Smart piece in Forbes.com by John Endean, president of the American Business Conference, on the Employee Free Choice Act and labor policy in Canada. Canada’s more unionized than the United States, so it’s organized labor’s idea of a model — sort of. From “Canadianized Labor Law?”
[Would] “Canadianizing” our National Labor Relations Act revitalize the U.S. labor movement’s prospects? Don’t be so sure. In fact, despite the more favorable legal environment, unions in Canada face many of the same difficulties as their U.S. counterparts. And–a well-kept secret on this side of the border–many of the union-friendly legal arrangements that have met with resistance in the U.S. debate have not been a hit with the Canadian public either.
Endean note Canada’s labor law is largely determined at the provincial level, and six of the 10 provinces still require a secret ballot.
Canada also provides insight about binding arbitration and “quickie elections” — we call them “ambush elections” — that some U.S. labor leaders are pitching as a substitute to card check.

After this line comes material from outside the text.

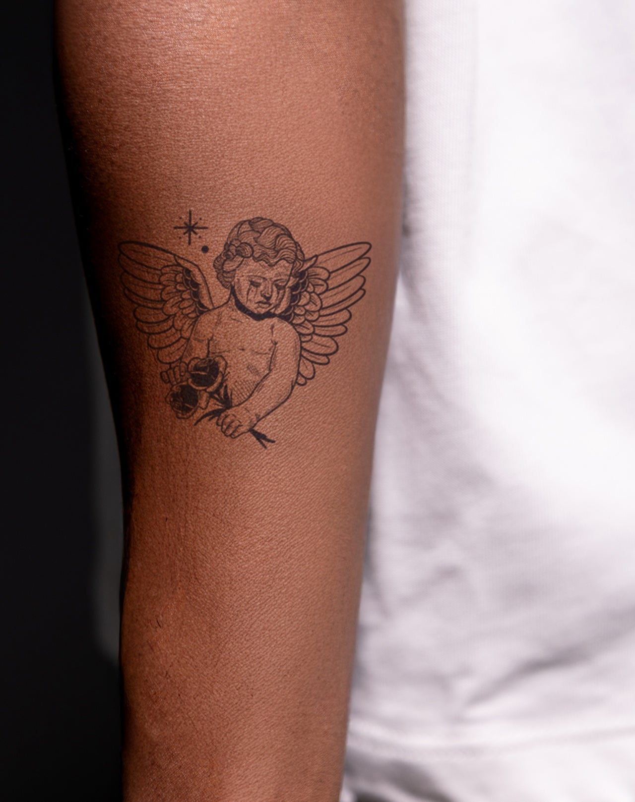 Embrace divine romance with the Loving Cherub tattoo, a 4x4 inch design by @yur.da.sells.blackwork. Featuring a delicately detailed cherub cradling roses, this piece symbolizes love, innocence, and devotion. A perfect blend of classic and bold blackwork, this tattoo lasts 1-2 weeks—letting you carry a touch of celestial beauty wherever you go.
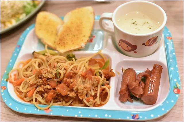 限6歲以下的兒童餐,有肉醬麵、香蒜麵包、濃湯和章魚香腸,蕃茄醬是店家自行熬煮,裡面還有紅蘿蔔。

Endean concludes that even rigging the system (our term), organized labor has still only achieved 18 percent unionization of the private-sector employees. We think the U.S. labor bosses would love that percentage since it means all the more dues money with which to practice politics. Still, Endean says:
A union movement that represents only 16% of private sector workers–and this despite a long-favorable legal regime–cannot really claim to speak with the voice of the Canadian working public.
For unions in Canada, favorable legal arrangements have been no substitute for the need to achieve real, earned popularity. Perhaps there is a lesson there for American unionists as well.